Matching intent on sentence that contains words

jjdenhertog · March 19, 2024, 7:45am

Hi

I’m switching from a Rhasspy voice setup to the new Home Assistant voice setup and find it challenging to get consistent matches via Whisper. One of the challenges I’m facing is that sometimes extra words are detected and that messes up the intent matching.

Currently I’m hacking this using wildcards to ignore extra words. But the most ideal solution would be if the intents could be matched on the existence of specific words. So if a sentence contains “lights” and “on” it would use that intent. No matter what the other words in the sentence are.

Is anyone facing similar issues? And is something like this (matching on some words only) possible?

Cheers!

mchk · March 23, 2024, 1:32pm

Try using VOSK. you can set a fixed dictionary of acceptable phrases in it

jjdenhertog · March 24, 2024, 2:33pm

Awesome, this was just what I was looking for!

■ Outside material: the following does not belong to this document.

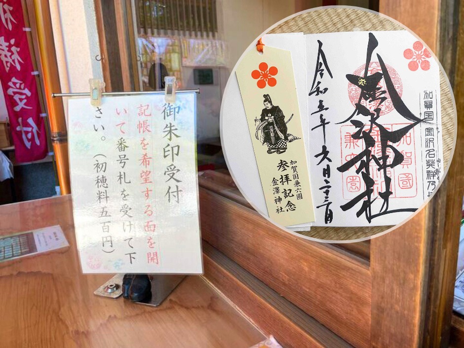 金澤神社の御朱印は社務所で直書きしていただけます。初穂料は500円。文字の部分に添えられている金箔は、金城霊澤・芋堀藤五郎の物語になぞらえているそうです。梅の紋と天神様が描かれた栞も添えられていました。

jjdenhertog · March 26, 2024, 2:30pm

@mchk Do you by any chance also know how I can support a numbered range in VOSK? I can’t find it anywhere. The configuration below doesn’t seem to work with VOSK:

  volume:
    range:
      from: 0
      to: 50

mchk · March 26, 2024, 5:03pm

It is necessary to use a list. See the attached example.

github.com

rhasspy/wyoming-vosk/blob/c78f71bef3e4811b3f9c5ece765cfd33ae4721c2/examples/en.yaml

sentences:
  - turn (on|off) [the] ({device}|{light})
  - turn (on|off) [the] ({area} lights | lights in {area})
  - turn [the] ({device}|{light}) (on|off)
  - (set|change) [the] ({light}|{area} lights) [to] {color}
  - (set|change) [the] ({light}|{area} lights) (brightness [to ]<brightness>|[to ]<brightness> [brightness])
  - in: red alert
    out: set living room light red
  - in: all clear
    out: set living room light white
expansion_rules:
  brightness: ({brightness_names}|{brightness_numbers}[ percent])
lists:
  color:
    values:
      - red
      - green
      - blue
      - orange
      - purple

This file has been truncated. show original

jjdenhertog · March 27, 2024, 6:35am

@mchk I got it all up and running, and it works very well! The only challenge that is left are false triggers. It tries to mach sentences that do not exist.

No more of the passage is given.